5.  I have an unnaturally deep worry that I’m crazy–I mean, full on crazy, like where my interpretation of the world is completely different than what other people interpret is happening.  And it’s always a relief to me when I say to someone “Do you remember…?” and they say “Yes,” because I worry I might be making shit up, just to entertain myself, and not realize it.

6.  I don’t understand why people eat Doritos.  I have never had a flavor of Dorito that tasted good to me and they have that weird powder that gets all over.

7.  I am left-handed!  But, I do do some stuff with my right hand–throw a ball, cut with scissors, etc.  However!  The Butcher is right handed except for the things I do with my right hand, he does with his left.

The Orange Cat Learns a Trade

I’ll admit that I’ve always thought that the orange cat was our most boring pet.  The dog is… well, the dog.  And unlike the tiny cat, the orange cat cannot vanish like some kind of phantom, he hasn’t taken up residence under the house, he can’t make himself mysteriously have feet of lead which crush you when they step on you, and he doesn’t catch things.  He does occasionally professional wrestle and he threw up on my bed yesterday after scarfing down all his food like it his last meal.

But, in general, he doesn’t do anything except sleep and walk around looking at things with a slight air of disdain.  “Oh, you again.  Oh, the dining room again.  Oh, this mail on the kitchen counter again.  Whatever.  I only care so that I can locate the most valuable thing in the room and scratch it.  And even that bores me.”

So, imagine my surprise to discover that the orange cat seems to have taken up plumbing.

(Not to get distracted from my story, but did I tell you that the Butcher has offered to adopt his friends’ cat?  Why can’t his friends keep their cat?  Because for reasons two vets haven’t been able to figure out, poop slowly leaks out of her butt!  This would, apparently, not be a problem at our house because she could just live in the garage and outside.  I still think poop slowly leaking out of your butt is a problem, regardless of where you live, but what do I know?  Anyway, I have put my foot down in the semi-firm ‘no’ column.  At least, I hope that’s the ‘no’ column.  I’d hate to think what else might be semi-firm where a poop-leaking cat is up for discussion.  They need to continue to try to address the problem.  If it comes down to them having to put the cat down, fine, let it come live here instead.  But we need to be the home of last resort.  I say this only (and you can bet I’ll eat these words later and Rachel, don’t look) because I think that, if the cat were outside more (or at all), she’d be able to get some exercise and some grass down her and that could straighten things out.  Meanwhile, continue to pay vets, friends!)

Where were we?  Oh, yes, the plumbing.

It started when the recalcitrant brother and my dad were poking around in my walls trying to fix my leaking faucet and the orange cat got into the wall.  We assumed it was just to explore (since we all knew it wasn’t to catch anything–slacker) and eventually, he came out.

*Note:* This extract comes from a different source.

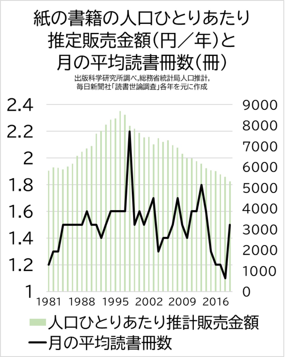 出版市場が成長していた時代にも、書籍の読書量が増えていたわけではない。書籍は、読書量と購買量の傾向が一致しない。
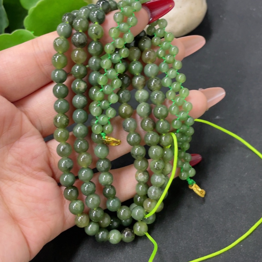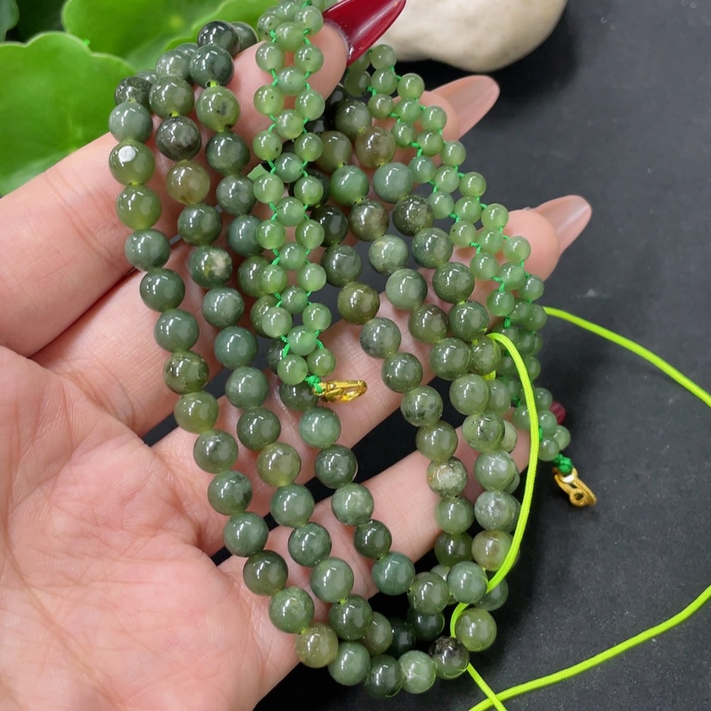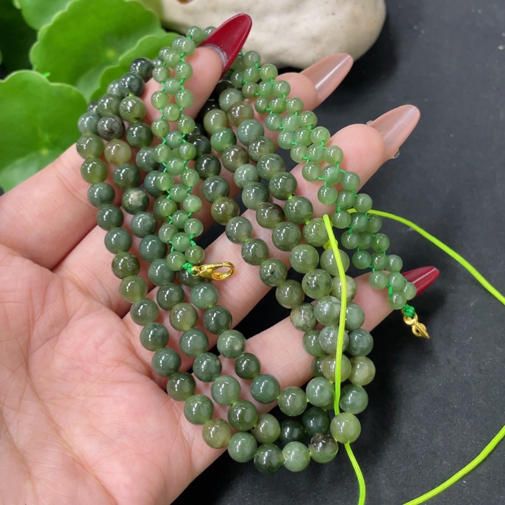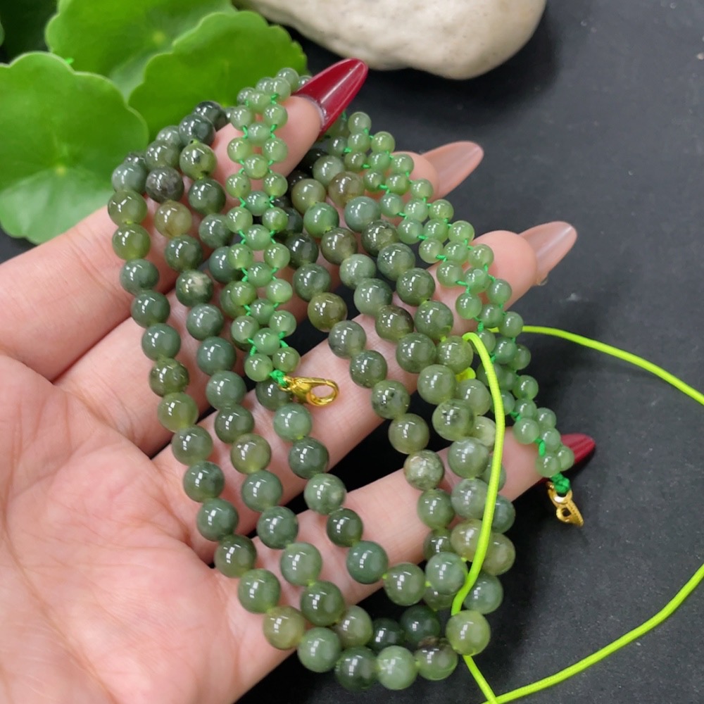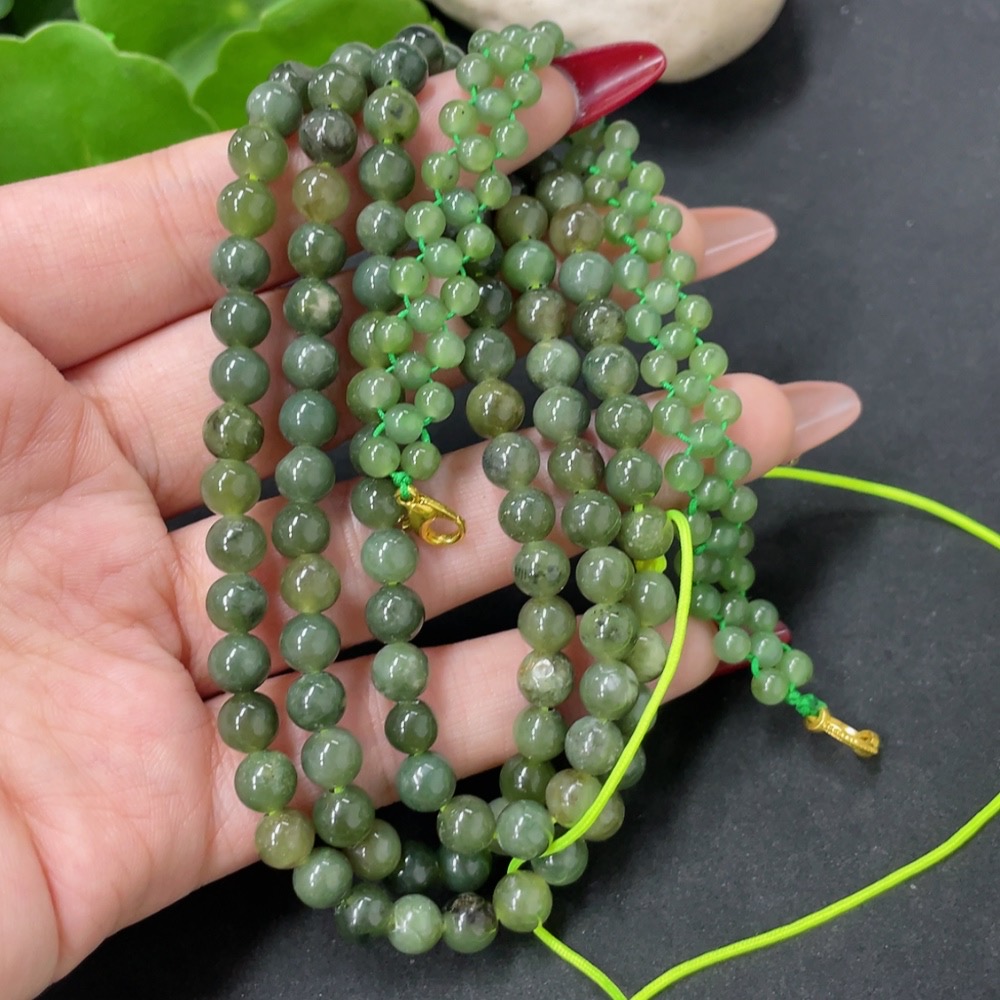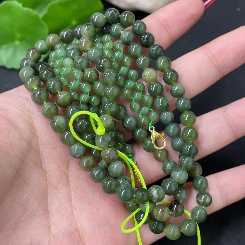 Hetian Jade Bead Necklace, approx. 6mm, total weight approx. 43.1g, non-gold

Since then, though, every morning, he gets up and pulls the stopper out of the bathtub and contemplates it.  Stares at it, sniffs at it, places his paw on it.  And not in a playful manner, but like he’s really trying to get some information about how this thing feels.

And getting it out in the first place cannot be easy.  It’s heavy.  It’s hooked in down there someplace, and he’s got no real fingers.  And I keep putting it back.

Don’t get me wrong.  I’m appreciative that someone is working on my tub, but I’m a little worried about what the bill is going to look like in the end.  He’s clocking a lot of hours on that job, let me tell you.